By this, I mean to suggest that national economic cycles are not all in cyclical stride and in sync with one another …not even at or around the dates of regularly scheduled economic summits …or are they …or rather …can they be made to mark time together when needed?

Can you say plunge protection? What is that all about? Hush, and say no more.

Case in point; take the G-7’s recent action that it took earlier this year in response to the disaster inJapan.

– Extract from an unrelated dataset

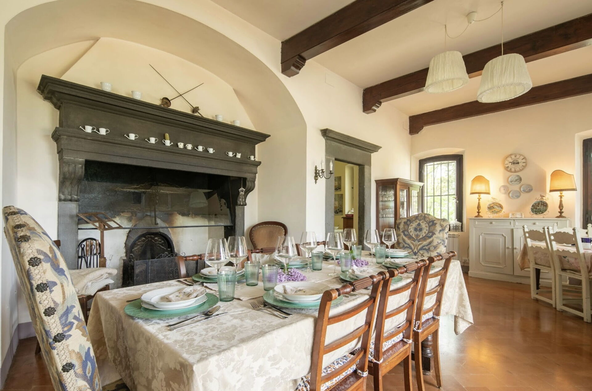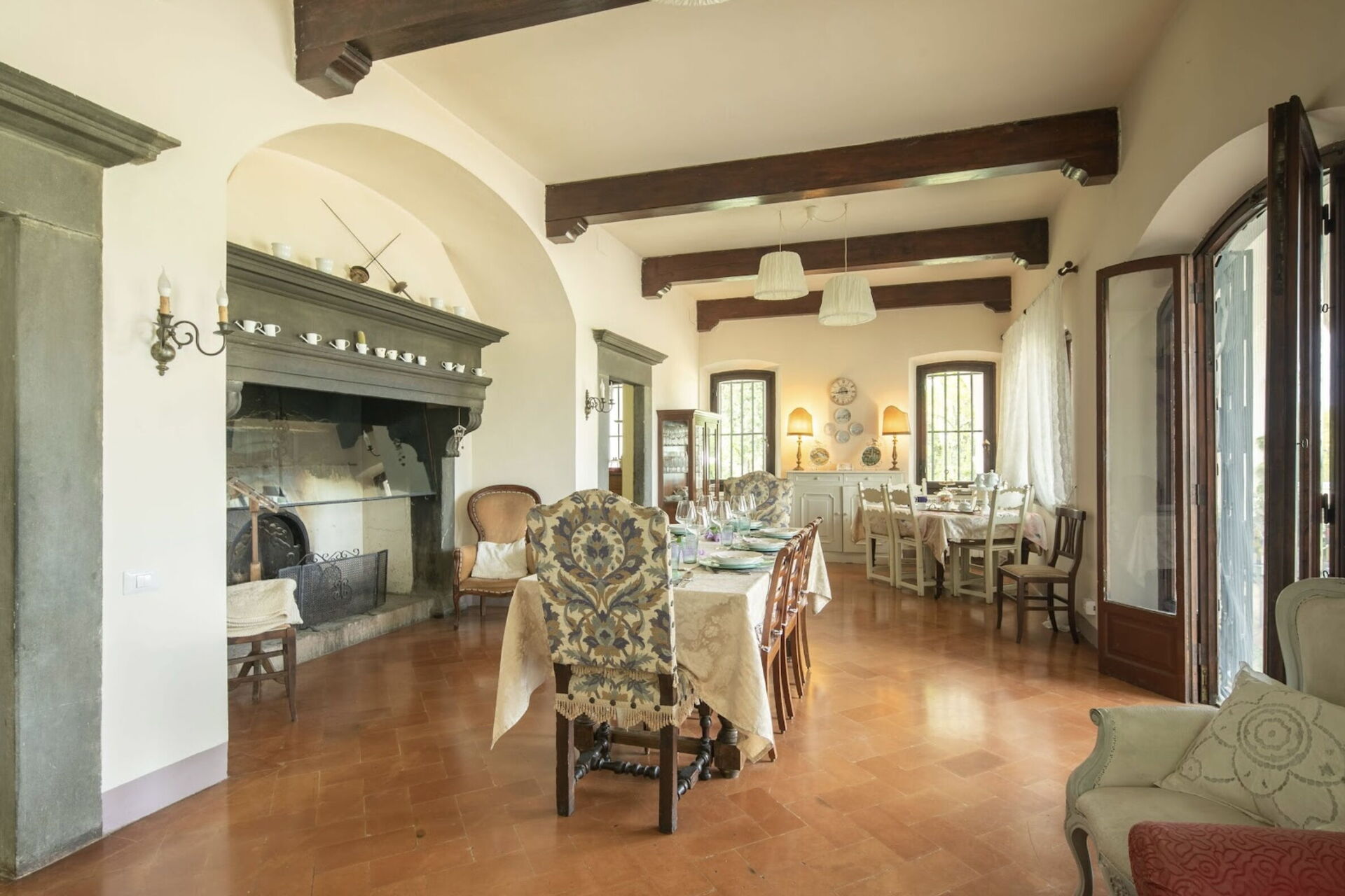 Dining room: dining table, WIFI internet, television, fireplace, exit to the garden.

The first two days following the disaster, equity markets fell through the floor.

However, the G-7 quickly convened an emergency closed-door meeting and suddenly there followed sound as if a mighty rushing wind and a figure of order’s merit immediately affected an order which calmed the VIX along with other economic indicators whose net affect was to correct and lift markets so as to produce a resounding and vigorous multi-day rally.

Now, I know that the Greek election is not a disaster likeJapan’s disaster …yet, there was two unmistakable days of extreme anxiety which resulted in fallout of sorts which did actually negatively impact the equity markets.

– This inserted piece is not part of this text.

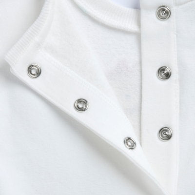 La falda es de color blanco y destaca por su estampado alegre de ositos en tonos beige y caramelo, acompañados de flores y corazones en azul marino y dorado. El corte es ligeramente acampanado, lo que da movimiento y comodidad al caminar o jugar.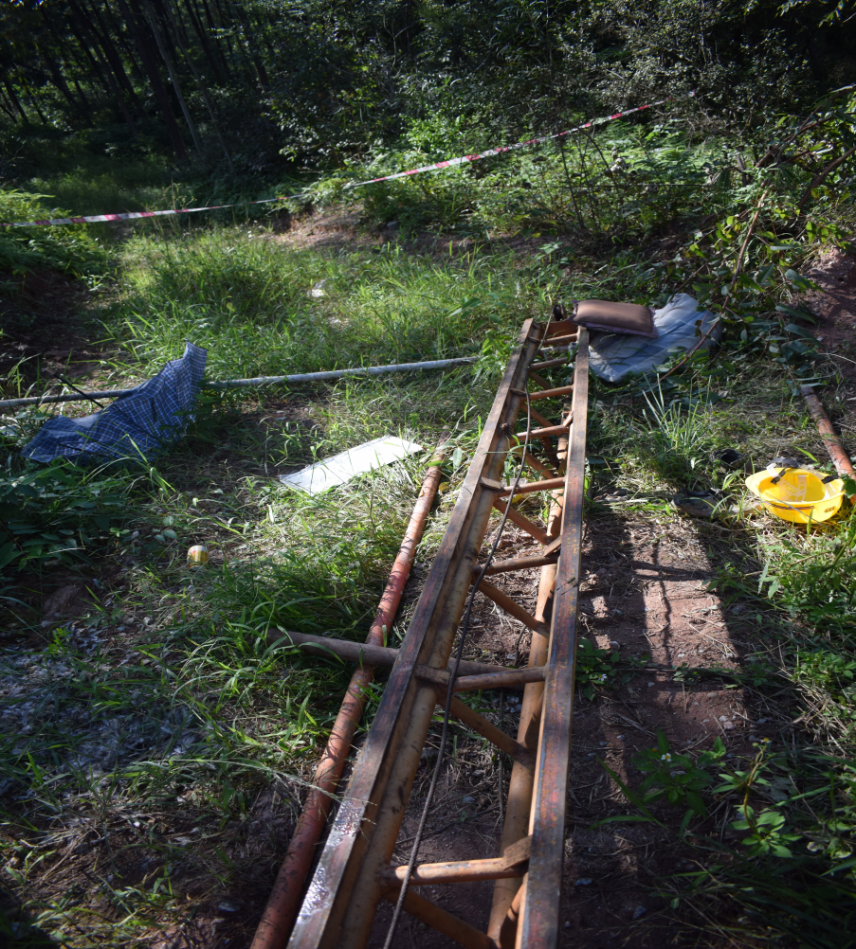 2023年9月16日13時33分許,桂達公司施工人員胡某俊、胡某軍在塔東辦事處長坑口水庫維修錨固旋樁鉆機。胡某軍在鉆機主體設(shè)備旁操作液壓升降桿將塔架放平,胡某俊配合移動塔架撐桿,在塔架放平過程中,第一節(jié)連接處螺栓突然崩脫,導(dǎo)致塔架第二節(jié)以上部分突然斷裂倒塌,倒塌的鐵架最末端中部砸到胡某俊頭部和腳部致其重傷,胡某軍立即撥打120急救電話。14時30分許,傷者胡某俊被轉(zhuǎn)移至博羅縣楊僑鎮(zhèn)衛(wèi)生院進行急救。15時15分許胡某俊經(jīng)搶救無效宣告死亡。

So, regardless as to what transpires, it will …no doubt …be an interesting opportunity to observe how markets and central banks and finance ministers react to historic events like Monday promises to be.

Hang on Snoopy …hang on!



P.S.:   As an after thought, consider the efforts to provide liquidity to banks worldwide …all in spite of recent conversations involving steps which have been taken to become prepared to withstand any speculation which may ensue the Greek Election.

In this regard, the question as to how much liquidity may be needed in any one country is a matter above my pay grade.

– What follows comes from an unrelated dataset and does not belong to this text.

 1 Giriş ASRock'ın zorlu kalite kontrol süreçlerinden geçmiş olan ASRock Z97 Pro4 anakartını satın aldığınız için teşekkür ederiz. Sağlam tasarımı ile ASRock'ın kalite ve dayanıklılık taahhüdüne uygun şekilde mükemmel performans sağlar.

Never the less, the wolves assuredly stand before the three little pigs homes, equally prepared to Huff and puff …hoping to blow the door down.

By this I mean to consider how hedge fund traders may be likely to be licking their chops …standing equally prepared to make forays into option markets at the click of a mouse’s pigtail.

The amounts of …and sizes of these hedge funds’ position are …none the less are certain to bring to play an added market dynamic which …I hope all the central bankers are prepared to withstand.

All in all; remember the days following the Japanese earthquake and take comfort that the world economies are meeting to discuss its economic obligations and relative conditions of their rising levels of manageable indebtedness …all natural disasters and manmade tragedies not withstanding.

Now with respect to planning; I sure am glad that the G-20 summit will have at least a couple of days to discuss the issues beyond “…What’s for lunch and dinner.”

I’ll have the wild turkey salad and the roast duck thank you.

Foul seems appropriate in view of what is on this week’s agenda.